Who needs editors when you can tap the collective wisdom of a few random strangers?
Last month, it was USA Today adding social features to its news; today, it’s MySpace adding news to its social features. The popular online hangout today launched MySpace News, where the presentation is based on user rankings of content that the site pulls in from trusted news sources. Letting users submit their own finds, a la Digg, Reddit and others, may come later.
Whether this has any appeal for you depends largely on whether you spend much time on MySpace and whether you happen to share the interests of the site’s youthful demographic. Fox Interactive Group, owner of MySpace, expects that in the absence of any huge news story, the top of the listings will be dominated by entertainment, gossip and oddities. But more value might be found among the 300 subcategories. “It’s extremely hard [on other sites] to find the person saying the most interesting thing on something narrow, like USC football,” said Brian Norgard, who, with Dan Gould, created NewRoo, acquired by MySpace for this technology.

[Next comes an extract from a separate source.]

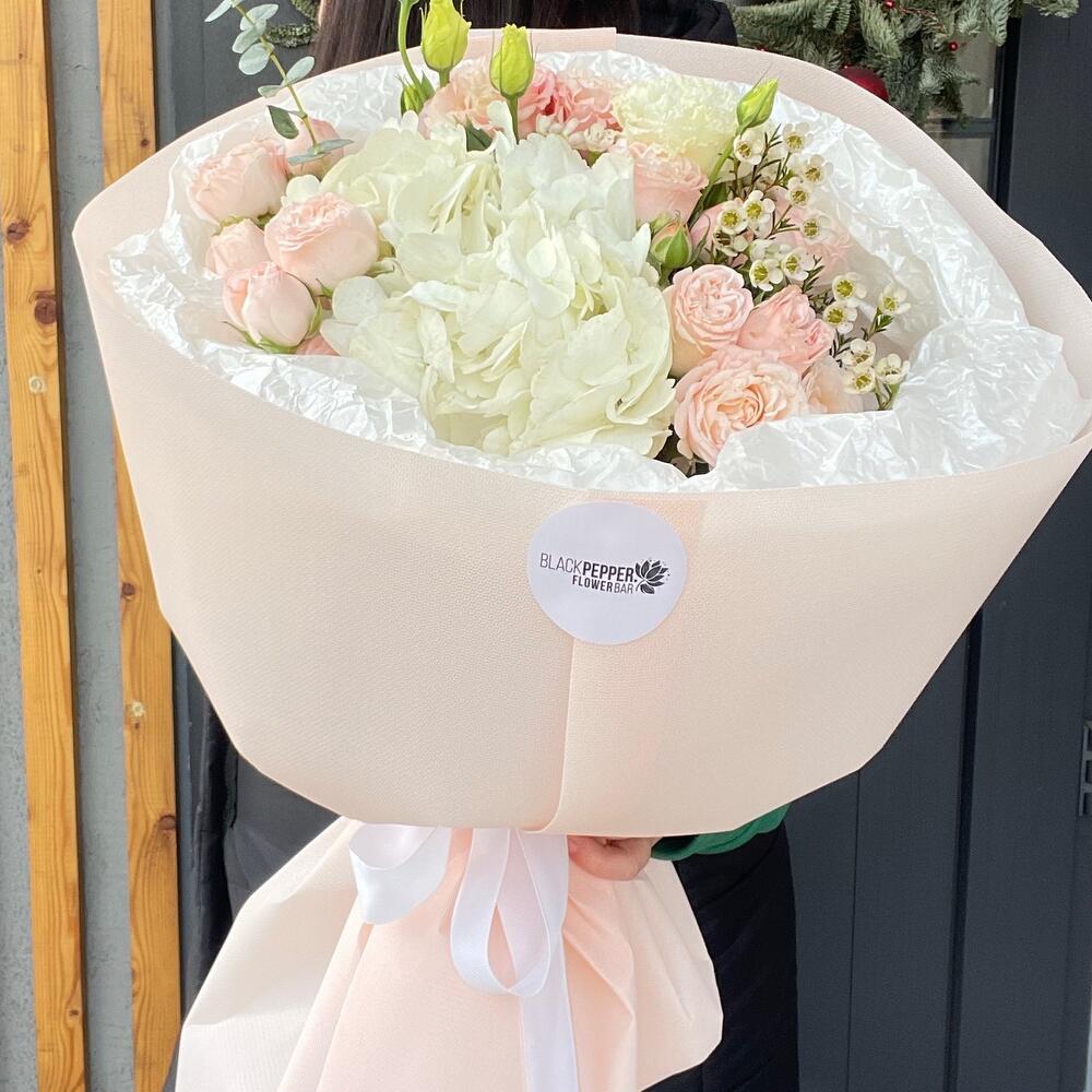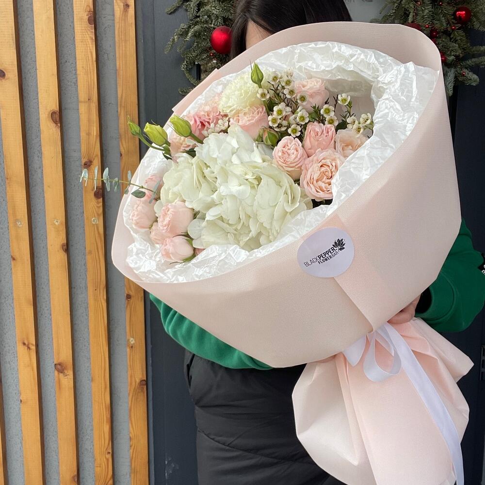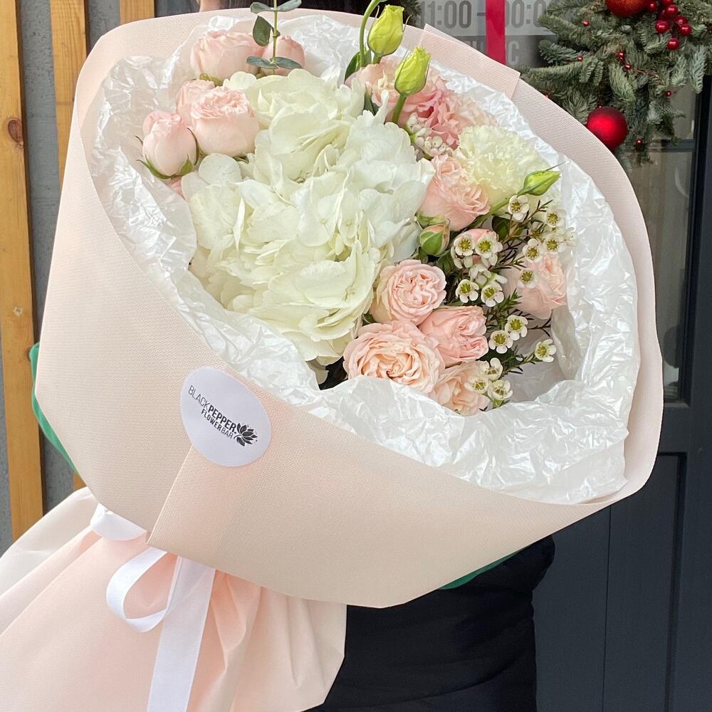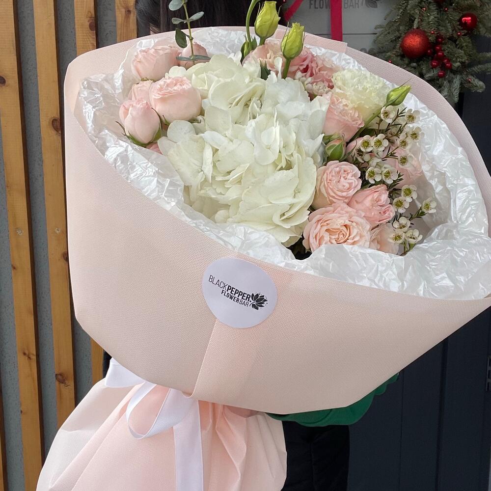 Ваксфлауэр - 2 шт. Гортензия - 1 шт. Кустовая роза - 4 шт.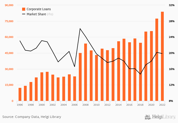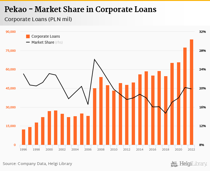 Pekao accounted for 19.9% of all corporate loans issued in Poland at the end of 2022. Historically, the bank’s market share in corporate loans reached an all time high of 26.1% in 2007 and an all time low of 14.7% in 2018.

MySpace News faces the challenges of any socially driven feature, like the small percentage of readers who actually participate on participatory sites, and the interest of MySpace socializers in reading and rating news is open to question. Further, by priming the pump with links and blurbs from news sites, MySpace could end up in the same kind of tussles with content producers that Google News has. But with 100 million members, MySpace has the raw material from which to build an active news site, even if, as Seamus McCauley contends, it’s missing a chance to do something truly novel.